◆ **Records from a data collection**:
# # #
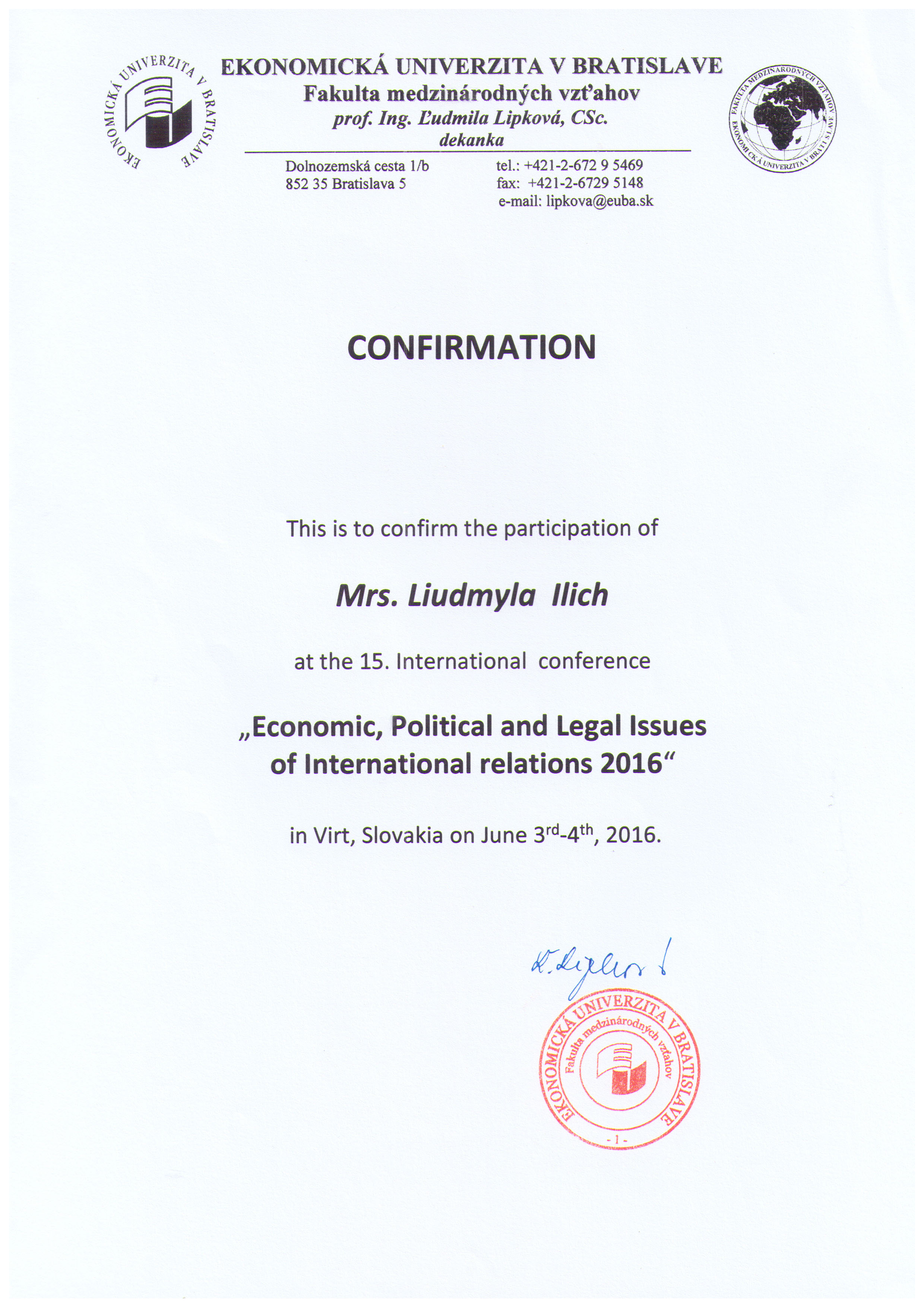 | 4329 | 17th lnternational Scientific Conference on «lnternational Relations 2016: Current issues of world economy and politics» | Evaluation of matching skills to job | Smolenice, Slovak Republic | document.pdf | |
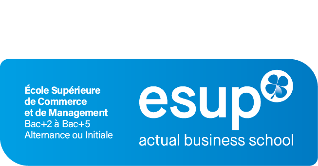 La signature s’intègre dans un patch dédié, garantissant une cohérence avec le logotype et l’identité d’ESUP. Ce bloc signature, souvent traité en dégradé de couleur, offre une flexibilité de composition, s’adaptant facilement aux différents supports et mises en page.
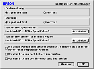 Wählen Sie die Art der Benachrichtigung des EPSON-StatusMonitors im Fall eines Fehlers. |
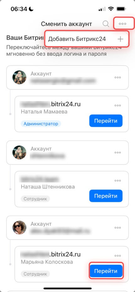 - перейти в другой Битрикс24 — нажмите Перейти,
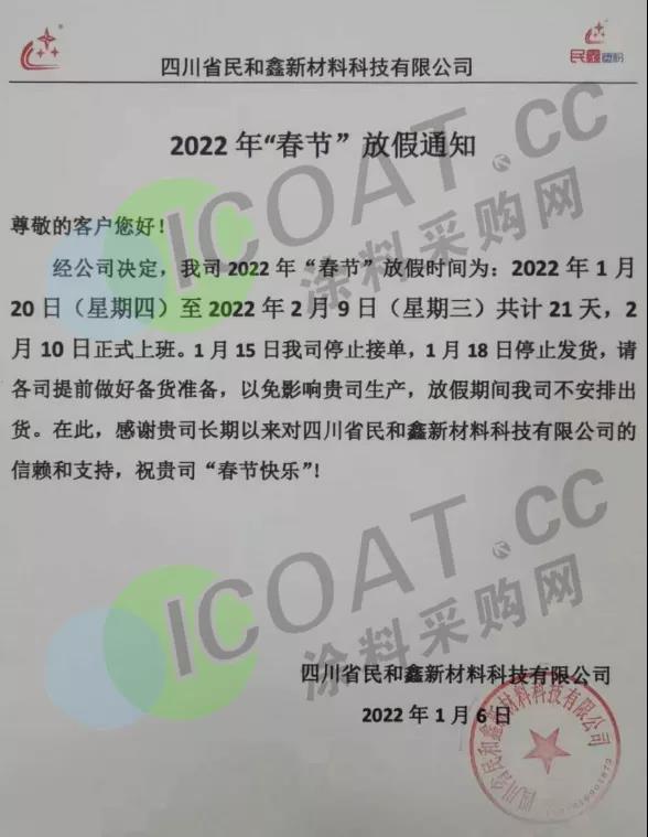 四川省民和鑫新材料科技有限公司:2022年“春節”放假時間為:2022年1月20日至2022年2月9日共計21天,2月10日正式上班。1月15日停止接單,1月18日停止發貨,請各司提前做好備貨準備,以免影響貴司生產,放假期間不安排出貨。
# # #
Restate the data above verbatim, skipping every image.

◆ **Your solution**:
 | 4329 | 17th lnternational Scientific Conference on «lnternational Relations 2016: Current issues of world economy and politics» | Evaluation of matching skills to job | Smolenice, Slovak Republic | document.pdf | |
 La signature s’intègre dans un patch dédié, garantissant une cohérence avec le logotype et l’identité d’ESUP. Ce bloc signature, souvent traité en dégradé de couleur, offre une flexibilité de composition, s’adaptant facilement aux différents supports et mises en page.
 Wählen Sie die Art der Benachrichtigung des EPSON-StatusMonitors im Fall eines Fehlers. |
 - перейти в другой Битрикс24 — нажмите Перейти,
 四川省民和鑫新材料科技有限公司:2022年“春節”放假時間為:2022年1月20日至2022年2月9日共計21天,2月10日正式上班。1月15日停止接單,1月18日停止發貨,請各司提前做好備貨準備,以免影響貴司生產,放假期間不安排出貨。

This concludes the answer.